Krylov Methods for Large-Scale Dynamical Systems: Application in Fluid Dynamics

The ability to predict and characterize bifurcations from the onset of unsteadiness to the transition to turbulence is of critical importance in both academic and industrial applications. Numerous tools from dynamical system theory can be employed for that purpose. In this review, we focus on the practical computation and stability analyses of steady and time-periodic solutions with a particular emphasis on very high-dimensional systems such as those resulting from the discrete Navier-Stokes equations.

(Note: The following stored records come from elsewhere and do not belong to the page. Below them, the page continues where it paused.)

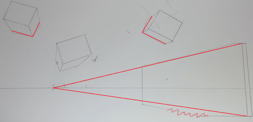 Sie haben die erste Übung gut verstanden, aber achten Sie auf Ihre Zeilen, die nicht in den Punkt der Perspektive geraten! Sie müssen parallel zueinander sein 😉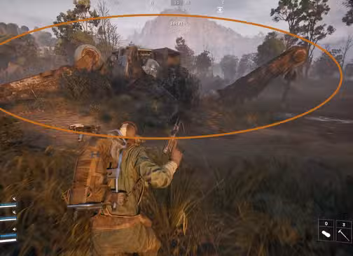 3. 「黒い煙」を探す: 空に向かって細く立ち昇る黒い煙があれば、そこがARCの残骸(探査機か配達機の残骸)の場所です。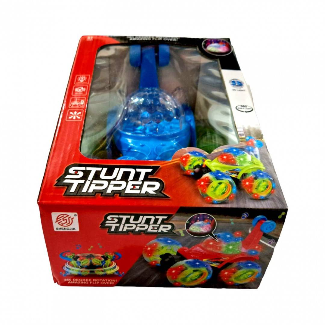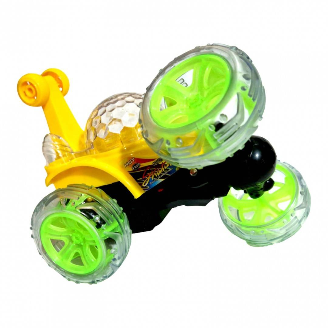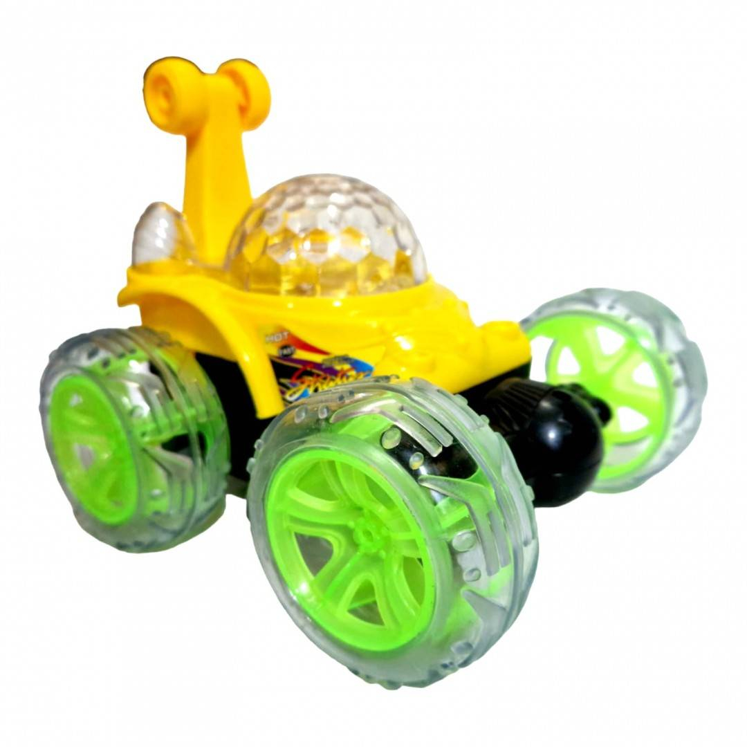 Masina poate fi controlata din radio comanda, se roteste in toate directiile, se intoarce 360 grade, se roteste in spirala, se da peste cap. Fiind o masina cu garda inalta, poate fi folosita fara probleme atat in interior cat si in exterior. Masina este protejata de rotile mari de silicon, in momentul impactului cu un obiect nedorit, aceasta nu numai ca rezista dar ofera un adevarat spectacol, se da peste cap, se roteste, isi schimba cu usurinta directia de mers. Prin cuplarea butonului on/off toate partile transparente ale masinii sunt invadate de lumini multicolore. Se aprind, se sting, isi schimba culoarea, totul in ritmul muzicii. Se incarca direct prin cuplarea la priza, nu este necesara scoaterea acumulatorului pentru incarcare. Radio comanda functioneaza cu 2 baterii de 1.5V AA, neincluse in set. Pentru o mai buna siguranta, radio comanda are antena cablata.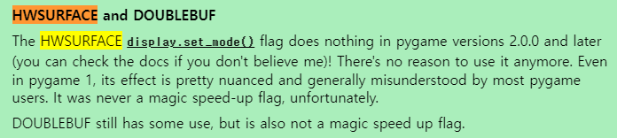 ## pygame.HWSURFACE와 pygame.DOUBLEBUF의 의미를 아직 모른다.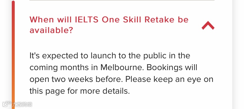 前提条件:你已经在澳大利亚的指定考试中心(目前已知的指定地点是墨尔本IDP考试中心)考过一次雅思全科(A、G类都适用)了,但是你对某科成绩不满意,希望重考。
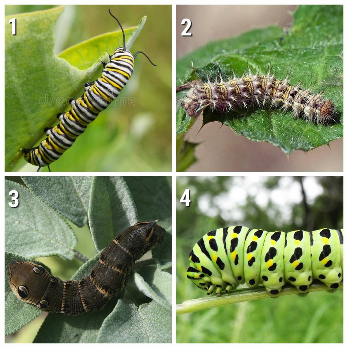 Правильный ответ 1. Гусеница бабочки монарха. 2. Гусеница бабочки репейницы. 3. Гусеница бабочки бражника. 4. Гусеница бабочки махаона.

In addition to a didactically concise theoretical framework, we introduce nekStab, an open source and user-friendly toolbox dedicated to such analyses using the spectral element solver Nek5000. Relying on Krylov methods and a time-stepper formulation, nekStab inherits the flexibility and high performance capabilities of Nek5000 and can be used to study the stability properties of flows in complex three-dimensional geometries. The performances and accuracy of nekStab are presented on the basis of standard benchmarks from the literature. For the sake of pedagogy and clarity, most of the algorithms implemented in nekStab are presented herein using Python pseudocode. Because of its flexibility and domain-agnostic nature, the methodology presented in this work can be applied to develop similar toolboxes for other solvers, most importantly outside the field of fluid dynamics.